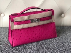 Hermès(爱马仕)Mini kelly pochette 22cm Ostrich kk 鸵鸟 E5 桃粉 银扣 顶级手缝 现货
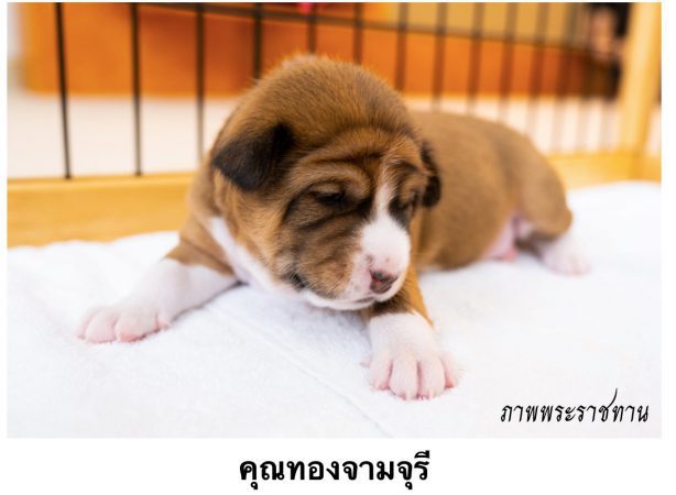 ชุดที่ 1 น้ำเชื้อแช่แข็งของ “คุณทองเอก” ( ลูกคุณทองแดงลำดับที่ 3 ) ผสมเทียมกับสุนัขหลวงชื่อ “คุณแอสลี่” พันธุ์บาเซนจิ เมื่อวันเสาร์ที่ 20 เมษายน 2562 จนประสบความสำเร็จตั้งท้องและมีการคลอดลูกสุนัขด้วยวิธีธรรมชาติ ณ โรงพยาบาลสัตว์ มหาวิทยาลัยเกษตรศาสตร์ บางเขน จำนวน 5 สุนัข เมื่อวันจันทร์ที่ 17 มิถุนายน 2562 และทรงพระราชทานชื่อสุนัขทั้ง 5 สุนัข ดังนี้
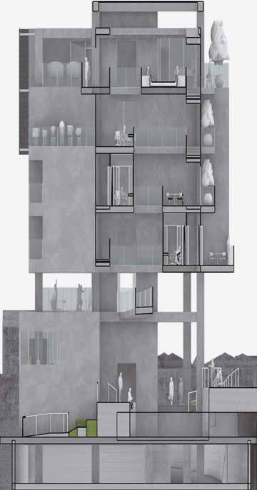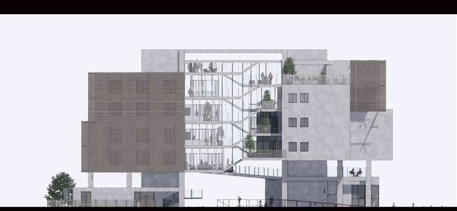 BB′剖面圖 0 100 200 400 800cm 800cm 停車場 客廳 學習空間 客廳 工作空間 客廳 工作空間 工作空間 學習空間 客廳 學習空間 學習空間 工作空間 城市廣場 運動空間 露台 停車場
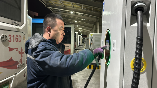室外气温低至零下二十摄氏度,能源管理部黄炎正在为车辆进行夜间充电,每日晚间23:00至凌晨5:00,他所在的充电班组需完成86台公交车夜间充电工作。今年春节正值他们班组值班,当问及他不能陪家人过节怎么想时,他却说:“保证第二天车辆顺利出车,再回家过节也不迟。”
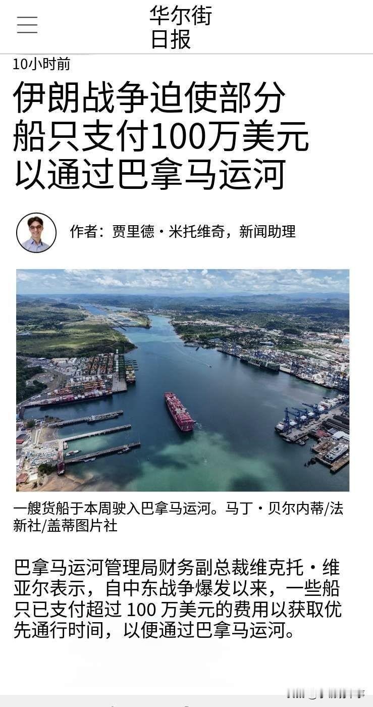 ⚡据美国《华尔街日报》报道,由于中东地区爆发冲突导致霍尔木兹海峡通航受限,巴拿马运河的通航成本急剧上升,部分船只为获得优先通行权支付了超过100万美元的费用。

What to work on ▸ Your answer must be an exact copy of the records above, with no pictures included.

Task result ▸
 Hermès(爱马仕)Mini kelly pochette 22cm Ostrich kk 鸵鸟 E5 桃粉 银扣 顶级手缝 现货
 ชุดที่ 1 น้ำเชื้อแช่แข็งของ “คุณทองเอก” ( ลูกคุณทองแดงลำดับที่ 3 ) ผสมเทียมกับสุนัขหลวงชื่อ “คุณแอสลี่” พันธุ์บาเซนจิ เมื่อวันเสาร์ที่ 20 เมษายน 2562 จนประสบความสำเร็จตั้งท้องและมีการคลอดลูกสุนัขด้วยวิธีธรรมชาติ ณ โรงพยาบาลสัตว์ มหาวิทยาลัยเกษตรศาสตร์ บางเขน จำนวน 5 สุนัข เมื่อวันจันทร์ที่ 17 มิถุนายน 2562 และทรงพระราชทานชื่อสุนัขทั้ง 5 สุนัข ดังนี้
 BB′剖面圖 0 100 200 400 800cm 800cm 停車場 客廳 學習空間 客廳 工作空間 客廳 工作空間 工作空間 學習空間 客廳 學習空間 學習空間 工作空間 城市廣場 運動空間 露台 停車場
室外气温低至零下二十摄氏度,能源管理部黄炎正在为车辆进行夜间充电,每日晚间23:00至凌晨5:00,他所在的充电班组需完成86台公交车夜间充电工作。今年春节正值他们班组值班,当问及他不能陪家人过节怎么想时,他却说:“保证第二天车辆顺利出车,再回家过节也不迟。”
 ⚡据美国《华尔街日报》报道,由于中东地区爆发冲突导致霍尔木兹海峡通航受限,巴拿马运河的通航成本急剧上升,部分船只为获得优先通行权支付了超过100万美元的费用。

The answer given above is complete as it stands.